# SDL excursion



## Edgefan (May 15, 2010)

The following is a letter I sent off to Amtrak regarding our latest trip around the country. Not noted in the letter was all the help you folks provided as well as the fact that I (we) finally had the privilege of meeting The Traveler in his northwestern haunts  I would do the Slidell run in a heartbeat again, but can't afford the new point system. Would that be four zones now? What would that cost in thier new calculations? Just venting a little. I'm a big boy, will figure out new ways to get the most rail for my points in time. But again, I felt lucky to have gotten in on it at all, not to mention with the Chief leg in it. 

Amtrak Customer Service; May 15th, 2010

This note is a follow up to our multi-leg excursion beginning April 20th, 2010. When one plans so far ahead for a trip of this size, there are some apprehensions as time draws near that there might be some unrealistic expectations. Let me just say that Amtrak personnel exceeded all our expectations in every aspect of our travels. I am still in awe of what a fantastic whirlwind journey we had around this great country of ours. Amtrak provides the finest way to see this country, and we look forward to our next trip.

First and foremost, Station Agent Bob of Mt Pleasant, IA was instrumental in helping to tie it all together. His personal assistance and input helped sculpt a trip that will be hard to beat. His years of service with Amtrak are quite an asset and you should be proud of him.

April 20th, 2010 California Zephyr Train #6 finally arrived into MTP, less than an hour beyond the scheduled arrival time. We had reservations for car 631 roomette 5 but were informed there was a problem with car 631 so we boarded car 632 and roomette 8 became our first home. Sleeping car attendant Donald was there to greet us. My wife is back in school and had a term paper due. Donald immediately offered to bring lunch to our room which we normally don't do, but with the urgency of her paper, we accepted. This was a huge time saver and was greatly appreciated. Arrival into Chicago was only a few minutes off schedule!

Metropolitan lounge folks need a huge round of applause here.

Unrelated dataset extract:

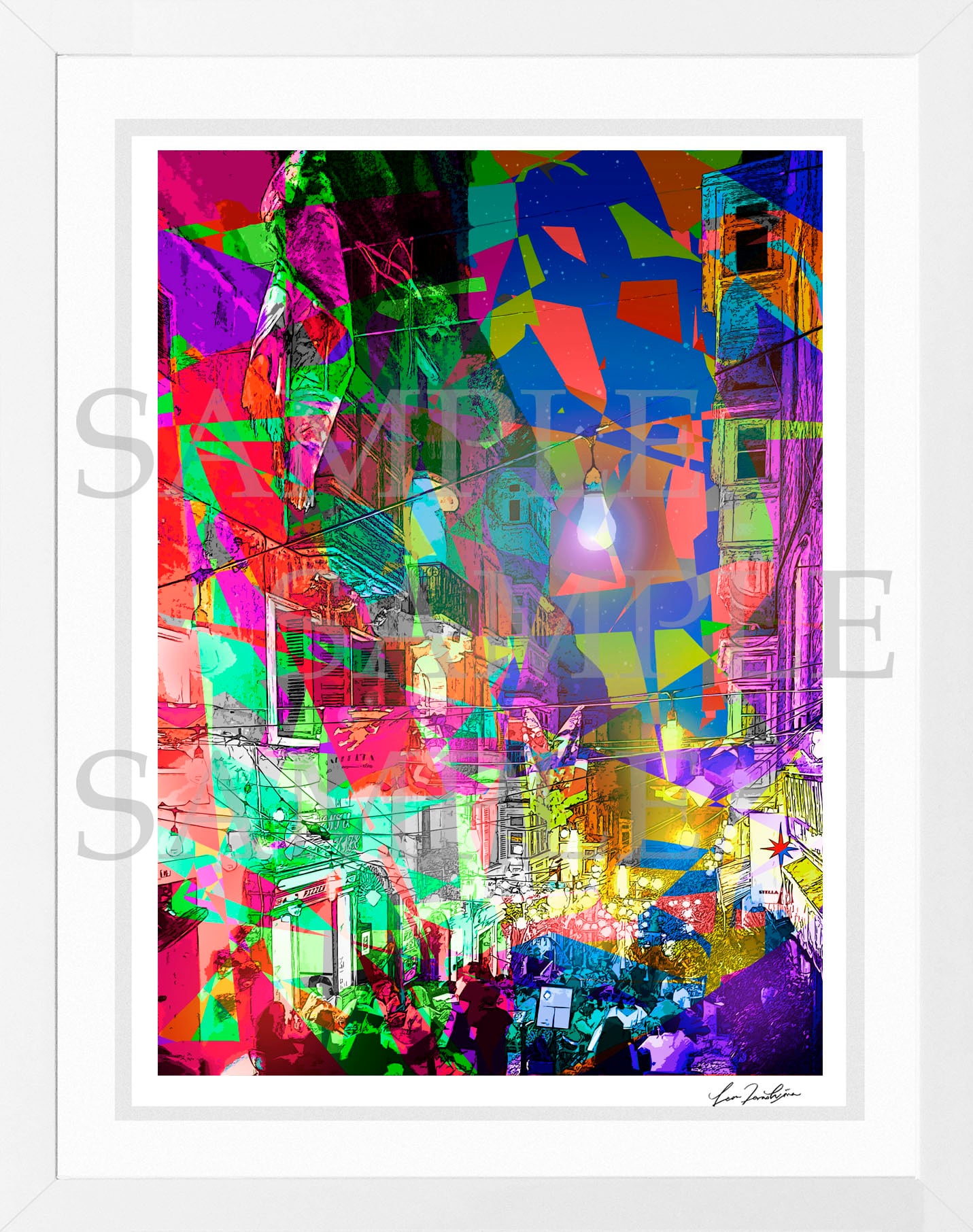 夜な夜な街に繰り出しては楽しい時間を過ごしています。そんな空気感を描いたアート作品。

There was a service disruption affecting the Lake Shore Limited and Capitol Limited the day before so the lounge was packed with travelers due to the canceled services. All I can say is Metropolitan lounge personnel were smooth and efficient as all passengers we interacted with were in good humor and pleasant. Again, that is due to the patience and good nature of your employees and they need to know they turned around a potentially bad situation that was beyond their control to a seamless organized outflow of extra passengers to each outbound train. We were able to observe most of it as our next train wasn't until the 8:00PM departure of the City of New Orleans.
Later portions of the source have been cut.